Refurbished 5D mark iii is out of stock the most of the time. At least I couldn't catch one in stock.

Looking at canonpricewatch.com how do I know if camera has full USA warranty?


----------



## Dylan777 (Jul 22, 2014)

Very simple, SAVE your money and buy it from authorized dealers. If you can wait, X-mas is the best time. I highly recommend Profeel: http://stores.ebay.com/PMI-Digital?_rdc=1 . Ask for David, awesome to work with.

My sources are: BH, Profeel, Adorama, and Samys


----------



## jdramirez (Jul 22, 2014)

I bought mine from Amazon. I won't go into the gory details, but I paid around $2600 after selling the 24-105 for around $700. 

There are deals to be had... and if the rumors are true, the 5d mkiv should be out in the first quarter of 2015. So if you can wait, there will probably be a ton for sale used...

then there will be several packaged for a decent price. Just depends on your tolerance for waiting. I'm waiting to buy the 50 art... and that is just painful.


----------



## Tabor Warren Photography (Jul 22, 2014)

Both of mine came from 6ave's steal of a deal, $2,550 on eBay. I bought one several months ago, and another a couple months ago, they came horribly packaged, but are resilient as ever and seemingly flawless. B&H and Adorama have always been my go-to's, but it was hard to pass up the eBay deal. I'll actually be purchasing another one next time the sale comes up and I would recommend that route to anyone.

If you _can_ wait until, say, April of next year, do it. I imagine the 5Div will be announced by then at which time you can purchase the 5Diii from a more common dealer at a better price than offered today.

I hope this helps,
-Tabor


----------



## brad-man (Jul 22, 2014)

aakunin said:


> Refurbished 5D mark iii is out of stock the most of the time. At least I couldn't catch one in stock.
> 
> Looking at canonpricewatch.com how do I know if camera has full USA warranty?

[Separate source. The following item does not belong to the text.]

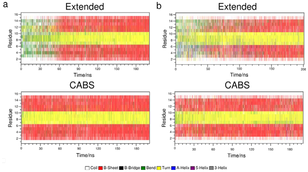 Plot of a secondary structure formed on every residue of the β-hairpin for two starting options: Extended conformations (upper panel) and CABS-generated conformations (lower panel) at 300 K. (a) Diagrams for the OPLSAA force field; (b) Diagrams for the Amber99sb force field.

Because canonpricewatch says it is. They have a sort of pool of authorized dealers who are willing to discount, but they can't advertise the price for fear of the wrath of canon. Just fill out the form and you'll get an offer from an authorized seller for the low price with full USA warranty.


----------



## Smells Fishy (Jul 22, 2014)

brad-man said:


> aakunin said:
> 
> 
> > Refurbished 5D mark iii is out of stock the most of the time. At least I couldn't catch one in stock.
> ...



+1

My 24-70 II came with a USA warranty card from an authorized dealer... a dealer that's actually already mentioned by name in this thread...


----------



## unfocused (Jul 22, 2014)

$2,600 from unauthorized dealer on eBay or $2700 from canon pricewatch street price program after rebate with USA warranty from authorized dealer. Those are the best prices right now and they are not bad. You can check price history at canon pricewatch as well. 
Be sure to read their blog notes on unauthorized dealers and grey market and decide for yourself if it is worth saving $100 dollars going the unauthorized route.


----------



## edwyun (Jul 22, 2014)

There is a Canon authorized dealer on eBay. If you ask the right questions, you can get a new 5DIII with USA factory warranty for about $2700 (with rebate). I was skeptical after at first, but after confirming things via email/ebay, I purchased a 5DIII and 24-70/2.8L. Both came with USA warranties cards and I submitted and received the Canon USA factory rebates that were going on at the time for both.


----------



## mycanonphotos (Jul 22, 2014)

That price is a good price. I bought my second body from get it digital without any issues. It came in a kit box but that's ok...I paid $2,810 for it. The day before the 6D came out, I bought my first 5D3 for $2,749 from Adorama via Ebay...For me that's a worthy price compared to standard retail via B&H etc...including any rebate


----------



## sagittariansrock (Jul 22, 2014)

I got mine from eBay for $ 2445. It is an import model and came in the kit box. Interestingly, I bought the kit lens at the same time from the same seller, but the lens came separately, and was a US model with US warranty card. I have sold the lens since.
Mind you, some people have gotten US models of the 5DIII for the same price in the same deal (I wish I did, but I wish more that my camera doesn't need any servicing), so it might not hurt to ask if the seller has some to sell to you.


----------



## aakunin (Jul 22, 2014)

Thanks everyone for replies. I just ordered 5D mark iii through canon price watch. I'll see how it works out.


----------



## JPAZ (Jul 22, 2014)

It will be fine. I used the "street price" program for my 300 f/2.8 ii and it came in at a great price from an authorized dealer without a hitch.


----------